Lydia Martina Zimmermann Kuoni (born 30 December 1966 in Barcelona, Catalonia, Spain) is a Spanish Catalan actress, film director and editor, businesswoman, author, activist, cinematographer, and academic.

Biography
Lydia Zimmermann is the daughter of two Swiss parents, Yves Zimmermann, a graphic designer, and Bignia Silvia Zimmermann-Kuoni, an anthropologist and textile designer. Her parents met in the United States and moved to Spain. She has also lived in Australia, Canada, Haiti, Switzerland, and the United States. As of 2012, Zimmermann was working on a script of a film that was scheduled to begin shooting in Canada in 2012. Her partner is Isaac Pierre Marcel Racine, also a filmmaker, on whose 1998 film Remedios de Cuba: Scuba Drive she served as editor and on whose 2014 short film Troya she served as executive producer and director's advisor. Her son, Nilo Mur, is a filmmaker as well, and she acted in, together with Racine, and produced his 2007 short film Forse Domani. 

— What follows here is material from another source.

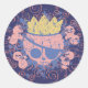 Cráneo de reina de piratas y emblema de pirata cruzado. Colores, manchas, remolinos y coronas, en camisetas, sudores, tarjetas, tazas, regalos.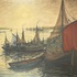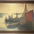 Olieverfschilderij – vissersboten bij zonsondergang, begin 20e eeuw

In addition, Zimmermann teaches at the European Film Actor School, at the Pompeu Fabra University Communication Department as an Associate Professor offering directing and screenwriting courses and presenting the works during conferences held at the Escola Superior de Cinema i Audiovisuals de Catalunya, as well as at the Ciné Institute in Jacmel, Haiti. She is one of the founders of the Zürich-based film production company Artisan Films GmbH and sits on the board of the Ramuni Paniker Trust, a Barcelona-based group which aims to provide financial support to talented yet underresourced young people in Kerala, India. She has studied under Jonathan Demme, Lindsay Kemp, and Cesc Gelabert, directed Sergi Belbel's Después de la lluvia and a stage adaptation of Sergio Cabrera's film The Strategy of the Snail for the theatre group Comicastros, and has finished a M.A. at Zurich University of the Arts.

Work
Zimmermann is probably best known for her directorial debut Aro Tolbukhin. En la mente del asesino (2002), codirected with Agustí Villaronga and Isaac Pierre Marcel Racine, in which she also had an uncredited cameo and for which she appeared, together with Racine and Villaronga, on Versión española, directed by Félix Piñuela and broadcast by Televisión Española, on 1 April 2005 and on Sala 33, directed by Àlex Gorina i Macià and broadcast by TV3, on 18 December 2010. She has also, among other activities, played the role of a caregiver in Agustí Villaronga's film Moon Child (1989), her acting debut, as well as the roles of a mourner in Antoni Aloy's 1999 film adaptation of the 1898 Henry James novella The Turn of the Screw titled Presence of Mind, a mother in Gemma Ventura's 2009 short film about Carl Jung The Jung Files and once again in the 2010 film Elisa K, directed by Jordi Cadena i Casanovas and Judith Colell, in which she appears among the acknowledged, and of Ana de Pombo in Agustí Villaronga's 2013 television series Carta a Eva broadcast by La 1. She appeared on 27 November 2014 on the television program Àrtic broadcast by Betevé. She codirected with Agustí Villaronga a television documentary titled Fe about and broadcast by RTVE as part of the series 50 años de on 10 December 2009, and worked as a camera operator during the production of Mariano Barroso's 1994 film Mi hermano del alma and the 2011 film Barcelona, abans que el temps ho esborri directed by Mireia Ros.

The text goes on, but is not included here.